Много позже я узнал, что в 1982 году (а это было начало 1982 года) с минными полями в Афганистане был очень сильный беспорядок. С декабря 1979 года, когда наши первые воинские части туда вошли, они часто перемещались и выставляли для безопасности вокруг себя минные поля. А затем, уходя, далеко не всегда их ликвидировали, зачастую даже не оставляли сменщикам карт с обозначением минных полей. Было лишь известно, что примерно вот здесь есть минное поле.
В годы моей службы даже был приказ по 40-й армии о наказании виновных, когда в одной из частей солдатский сортир угораздили поставить на минном поле, что обнаружилось, когда около него подорвался солдат.
Так что солдатское везение — штука очень важная.
Второй особо примечательный случай был у меня в начале 1983 года, когда за отличие в службе я был отпущен в отпуск. Поскольку «чистые» отпуска не разрешались, то организовали мне командировку в Ташкент с последующей поездкой на две недели в Омск.
У кого как, а у меня с тех пор отношение к Ташкенту как к очень холодному городу. До сих пор кожей ощущаю Ташкент через продуваемый ледяным ветром пересыльный пункт на военном аэродроме. В огромных палатках чугунные печки-буржуйки, конечно, есть, да вот дров при них нет. Грелись ночью, как могли, даже расходились группами по подъездам соседних домов, а там — поднимались на самую верхнюю, более теплую лестничную площадку.
Хотя по сибирским меркам и мороза-то не было, так — минус десять-пятнадцать, наверное.
Убыл в отпуск я в конце января, а возвращался в начале февраля. Солдат-срочник не мог через границу перемещаться сам, без команды. Меня должны были включить в команду на борт, летящий из Ташкента в Афганистан. Вначале я записался в такую команду, вылетавшую бортом в Джелалабад. Было по-прежнему холодно, а Джелалабад — самый теплый район в Афганистане, говорили, что даже с субтропическим климатом. И захотелось побывать в тех местах.

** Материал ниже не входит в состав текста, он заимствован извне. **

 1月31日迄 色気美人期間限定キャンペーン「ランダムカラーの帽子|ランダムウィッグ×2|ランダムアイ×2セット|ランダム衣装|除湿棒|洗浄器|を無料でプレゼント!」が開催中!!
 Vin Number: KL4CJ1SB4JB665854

Когда я уже во всю настроился побывать в Джелалабаде, вдруг узнаю, что через час вылетает другой борт, который идет на Кабул. Ох уж мое любопытство! Я решил, что в Кабуле побывать интересней. И уже через Кабул двинусь на Пули-Хумри. Поэтому я попросил вычеркнуть меня из первого списка, и зарегистрировать в следующем.

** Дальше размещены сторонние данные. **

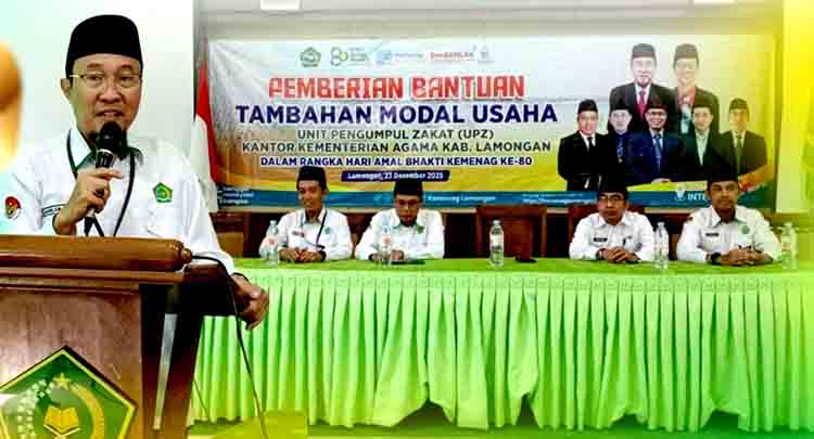 LAMONGAN | DN – Dalam rangka memperingati Hari Amal Bhakti (HAB) Kementerian Agama ke-80, Kantor Kementerian Agama Kabupaten Lamongan menyalurkan bantuan tambahan modal usaha bagi pelaku UMKM. Penyerahan bantuan dilakukan langsung oleh Kepala Kemenag Lamongan, H. Mohammad Muhlisin Mufa, di aula utama kantor Kemenag, Selasa (23/12/2025).
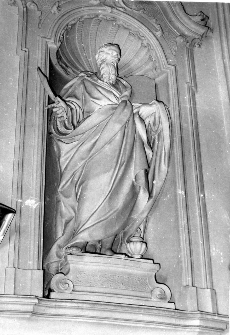 Statua a tutto tondo, in terracotta scialbata di bianco. Abramo ampiamente panneggiato tiene nelle mani un coltello ed un libro.. Personaggi: Abramo. Oggetti: coltello; libro
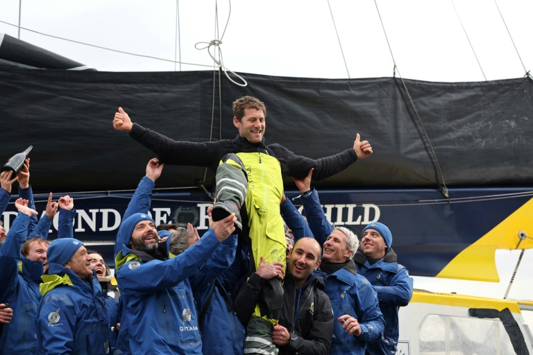 Le skipper -- qui a fêté ses 50 ans lundi -- a coupé la ligne 50 jours 19 heures 7 minutes et 42 secondes après être parti de Bretagne, environ huit jours de plus seulement que le record détenu par François Gabart depuis 2017 (42 jours 16 heures 40 minutes 35 secondes), réalisé contre la montre et non en course.

Через час нас построили и колонной повели на посадку. Продержали у готового борта с установленным трапом где-то минут пятнадцать и развернули на пересылку. Объяснили, что потеряна связь с только что улетевшим самолетом. Еще через некоторое время солдатская молва принесла известие, что вылетевший первым транспортный борт сбит, не долетев до Джелалабада. Идут бои вокруг его обломков, вокруг тех грузов, которые он вез. Все, кто летел на транспортнике, погибли.
Так получилось, что именно о той потере впервые сообщила программа «Международная панорама» — ее ведущий Александр Каверзнев заявил на всю страну, что сбит советский военно-транспортный самолет. Именно эту программу увидела моя мама, которая направила маршалу Советского Союза Устинову паническую телеграмму: «Немедленно сообщите, что с моим сыном». Но все это я узнал много позже, когда после службы оказался дома, потому что в Афганистане узнать о чем-то было просто неоткуда. Тогда еще не существовало мобильных телефонов, не было посылок, только почта.

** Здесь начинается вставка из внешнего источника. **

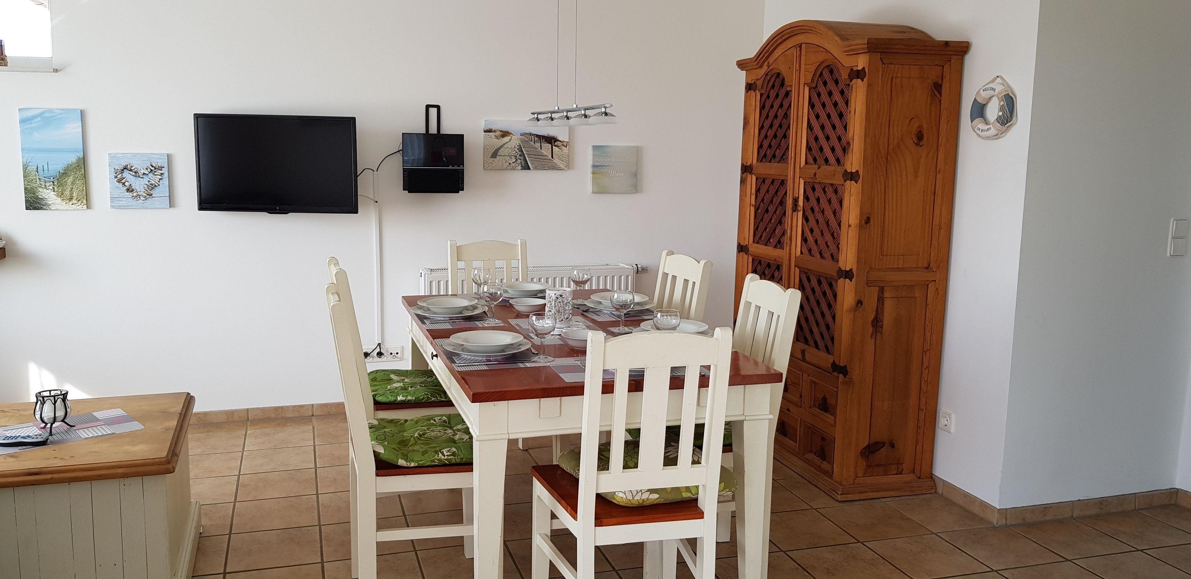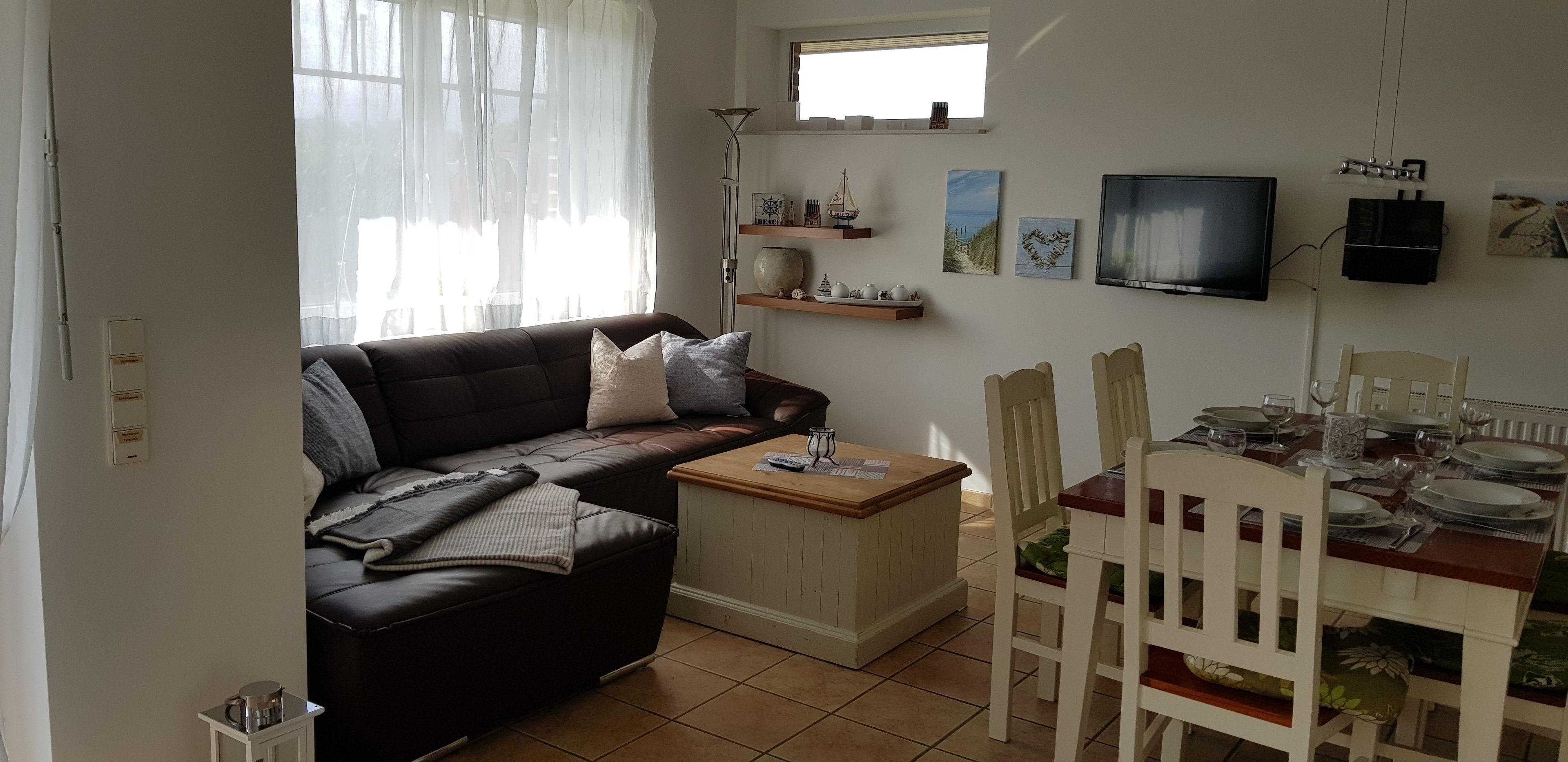 Ein kombinierter Wohn- und Essbereich mit Fernseher, CD-Player. 3 Schlafräume, Wlan, Terrasse, Nichtraucher, Hund nicht erlaubt.

Только почта, поэтому почтальона ждали всегда.
Под Новый 1983-й год приходит почтальон к нам в расположение. Ему традиционно ставится табуретка, мы все его окружаем, и он, взяв пачку писем, начинает выкликать. И вот, взяв вторую пачку, он говорит:
— Бабурин.
Я радостно беру письмо. Второе письмо:
— Бабурин.
И дальше:
— Бабурин, Бабурин, Бабурин…
Вся пачка писем — моя. Начинаю ловить на себе не очень добрые взгляды однополчан и стал всех успокаивать:
— Спокойствие, это словарь. Это не письма, это словарь.
Поскольку нельзя было отправлять ни бандеролей, ни посылок, моя жена (а я женился после окончания ВУЗа, до армии) по моей просьбе высылала мне в конвертах вырезки из немецких газет. Я не настолько знал немецкий, чтобы их читать и все понимать. По моей просьбе, Таня раздербанила немецко-русский словарь, по частям сложила его в конверты и отправила. И я его полностью получил, сшил и стал им пользоваться. А делал я это, потому что рассчитывал после армии пойти поступать в аспирантуру и знал, что мне нужно будет сдавать экзамен по немецкому языку. Конечно, занятий с немецким реально у меня не получилось, было не до них. И потом вступительный экзамен в аспирантуру по немецкому языку я героически «прополз», по-другому не сказать.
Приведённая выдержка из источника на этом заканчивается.